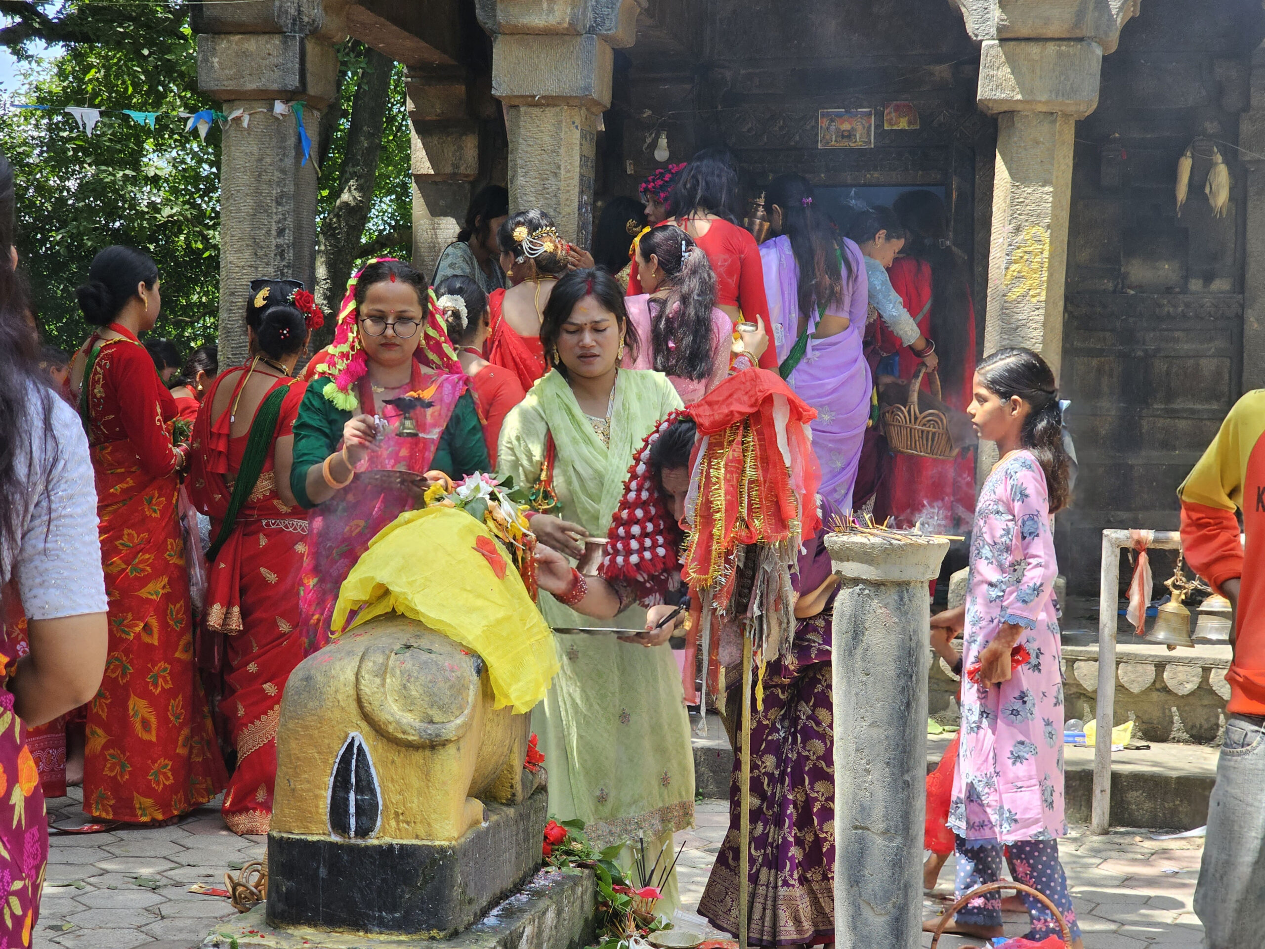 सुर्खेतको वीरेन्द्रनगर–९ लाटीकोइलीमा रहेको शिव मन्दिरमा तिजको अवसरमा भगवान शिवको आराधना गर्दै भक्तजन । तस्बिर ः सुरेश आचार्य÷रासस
++++++++
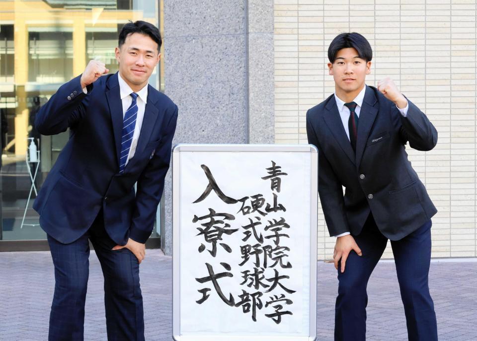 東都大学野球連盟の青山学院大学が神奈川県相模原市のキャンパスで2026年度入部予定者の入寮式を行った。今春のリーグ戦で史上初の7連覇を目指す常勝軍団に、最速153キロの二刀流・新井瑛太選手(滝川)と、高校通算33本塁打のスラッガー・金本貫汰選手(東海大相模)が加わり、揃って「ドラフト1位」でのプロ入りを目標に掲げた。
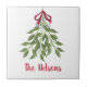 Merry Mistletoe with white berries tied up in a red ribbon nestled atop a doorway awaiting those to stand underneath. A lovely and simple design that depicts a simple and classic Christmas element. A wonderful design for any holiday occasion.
++++++++
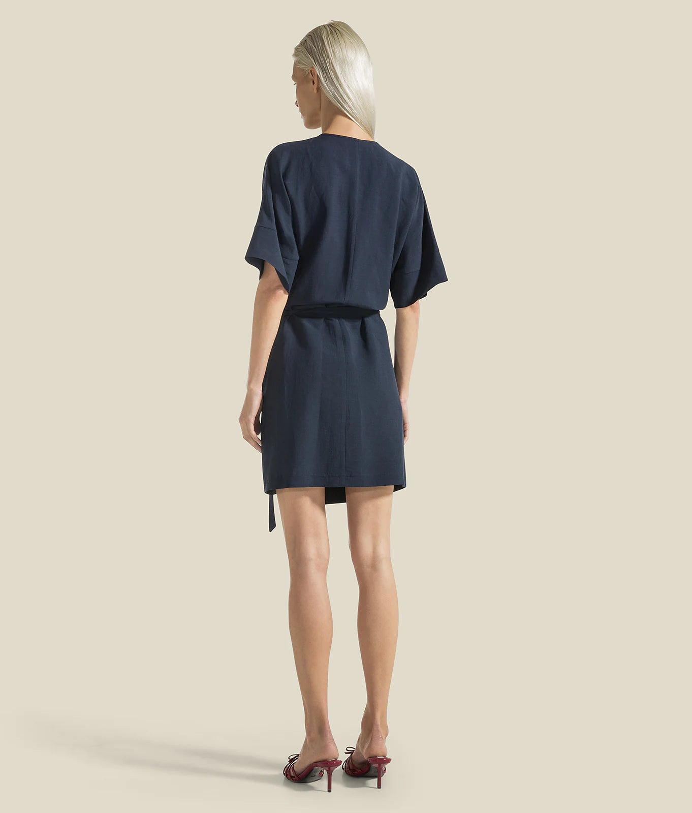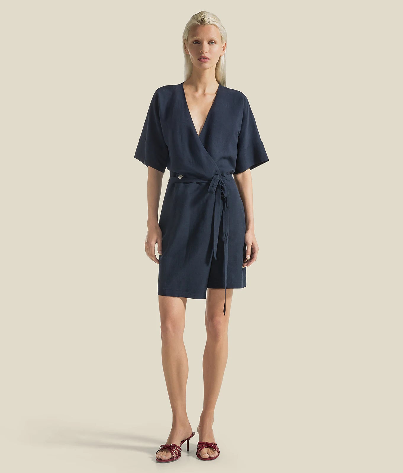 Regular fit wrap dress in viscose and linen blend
++++++++
Work order:
Repeat, without pictures, exactly the lines of the data above from the one containing "東都大学野球連盟の青山学院大" through the one containing "Merry Mistletoe with", including both and adding nothing.

Result of the exercise:
 東都大学野球連盟の青山学院大学が神奈川県相模原市のキャンパスで2026年度入部予定者の入寮式を行った。今春のリーグ戦で史上初の7連覇を目指す常勝軍団に、最速153キロの二刀流・新井瑛太選手(滝川)と、高校通算33本塁打のスラッガー・金本貫汰選手(東海大相模)が加わり、揃って「ドラフト1位」でのプロ入りを目標に掲げた。
 Merry Mistletoe with white berries tied up in a red ribbon nestled atop a doorway awaiting those to stand underneath. A lovely and simple design that depicts a simple and classic Christmas element. A wonderful design for any holiday occasion.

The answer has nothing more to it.